VOD film review: The Wild Pear Tree
Review Overview
Direction
8Cast
8Characters
8David Farnor | On 02, Dec 2018
Director: Nuri Bilge Ceylan
Cast: Dogu Demirkol, Murat Cemcir, Bennu Yildirimlar, Hazar Ergüçlü
Certificate: 15
From Pinter to Spider-Man, homecomings are rife with cinematic potential, thanks to their ability to unearth all manner of buried conflicts, both old and new. When it comes to unspoken grudges, though, Sinan (Doğu Demirkol) doesn’t have a problem: he likes his grudges spoken at full volume. “I’d drop an atomic bomb on this place,” he declares early on, after returning to his rural hometown after studying in the busy city of Canakkale.
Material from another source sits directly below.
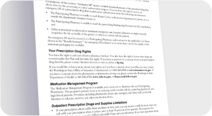 If we approve an exception through this exception process, then we will cover the drug or supply at the applicable Cost Share shown in the “Prescription drugs, insulin, and diabetic supplies” section in the Benefit Summary. If we do not approve the Formulary exception request, we will send you a letter informing you of that decision. You may request a review by an independent review organization. The process is explained in our denial letter and under “External Review” in the “Grievances, Claims, Appeals, and External Review” section. Emergency Fill For purposes of this section, “emergency fill” means a limited dispensed amount of the prescribed drug that allows time for the processing of a prior authorization request. You may have the right to receive an emergency fill of a prescription drug that requires prior authorization under the following circumstances: The Participating Pharmacy is unable to reach Kaiser’s prior authorization department by phone, as it is outside the department’s business hours; or The Participating Pharmacy is unable to reach the prescribing Participating Provider for full consultation, and Delay in treatment would result in imminent emergency care, hospital admission or might seriously jeopardize the life or health of the patient or others in contact with the patient. An emergency fill must be received at a Participating Pharmacy and is subject to the applicable Cost Share shown in the “Benefit Summary.” An emergency fill is limited to no more than a seven-day supply or the minimum packaging size available. Your Prescription Drug Rights You have the right to safe and effective pharmacy Services. You also have the right to know what drugs are covered under this Plan and the limits that apply. If you have a question or a concern about your prescription drug benefits, please contact Member Services or visit us online at kp.org. If you would like to know more about your rights, or if you have concerns about your Plan you may contact the Washington State Office of Insurance Commissioner at 1-800-562-6900 or www.insurance.wa.gov. If you have a concern about the pharmacists or pharmacies serving you, please contact the Washington State Department of Health at 360-236-4700, www.doh.wa.gov, or [email protected]. Medication Management Program The Medication Management Program is available at no extra cost to Members who use Participating Pharmacies. The program’s primary focus is on reducing cardiovascular risk by controlling lipid levels and high blood pressure. Providers, including pharmacists, nurse care managers, and other staff, work with Members to educate, monitor, and adjust medication doses. Outpatient Prescription Drugs and Supplies Limitations If your prescription allows refills, there are limits to how early you can receive a refill. In most cases, we will refill your prescription when you have used at least 70 percent of the quantity. Prescriptions for controlled substances cannot be refilled early refill. Please ask your pharmacy if you have questions about when you can get a covered refill. The Participating Pharmacy may reduce the day supply dispensed at the applicable Cost Share to a 30-day supply in any 30-day period if it determines that the drug or supply is in limited supply in the market or for certain other items. Your Participating Pharmacy can tell you if a drug or supply you use is one of these items. For certain drugs or supplies we may limit the amount of a drug or supply that is covered for a specified time frame. Quantity limits are in place to ensure safe and appropriate use of a drug or supply. Drugs and EWCLGDED1983ACT0124 62 WAPEBB-CL-ACT

Nuri Bilge Ceylan captures his arrival with just the right balance of importance and insignificance – the early shots framing him against the landscape are quietly jaw-dropping in scale and beauty, placing our protagonist grandly at the centre of the frame, before calming sweeping away from him to show us the much bigger world he thinks he’s outgrown. He wanders the streets with barely concealed disdain, perfectly performed by Demirkol, who conveys the arrogance of youth with his smile alone. One of the best scenes sees him cross paths with Süleyman (Serkan Keskin), a local writer, but rather than ask him for advice, Sinan, who is hoping to get his own book published, spends the conversation taunting and mocking him – it’s a painfully entertaining encounter, prickled with laughs and clashing egos.
When he meets up with Hatice (Hazar Ergüçlü), an old friend whom he has long held a flame for, we see a sweeter, more vulnerable side to him – but even that is overshadowed by his resentment and insecurity, which leaves him looking upon her as trapped and beneath him.
His relationship with his father, though, is the most absorbing of all: played with consummate failure by Murat Cemcir, Idris is a teacher who spends more time gambling than helping his students, a once-romantic figure who now has a family he can barely support because he’s thrown all his money away. Before we even meet him, we’re told of a debt he still owes a local shopkeeper, and that knowledge hangs over Idris’ defeated shoulders, a man unable to admit that he’s lost, or that he continues to lose. Sinan, of course, is all too ready to label his father a loser, but The Wild Pear Tree’s strength lies in the way it refuses to let that be the end of it; a conversation with his mother, in which she defends her decision to marry him, brings a wonderful vein of affection and hope to a story that might otherwise have been played for callous amusement. Just as Idris has sold himself out, we see Sinan potentially selling himself short through cynicism alone – the question of whether he’ll help his dad to dig a well in the land he owns nearby, with ambition of one day finding water, becomes a symbol of that willingness to dream.
These relationships are rendered with gorgeous nuance and minute complexities; it’s the stuff of melodrama dialled down to a whisper, less a booming soap opera and more a warm bath by Andrew Lloyd Webber. Throughout, the sad truth of Sinan’s philosophy comes into view. A writer of a “quirky auto-fiction meta-novel”, he prefers his own writing about life to the real thing, afraid of failure in reality, but equally wary of following in his father’s footsteps and taking the exams to become a teacher too. The pear tree of the title is described in his book as “gnarled and stunted”, but there’s a resilience to those trees too – even in an unforgiving environment, life finds a way to grow.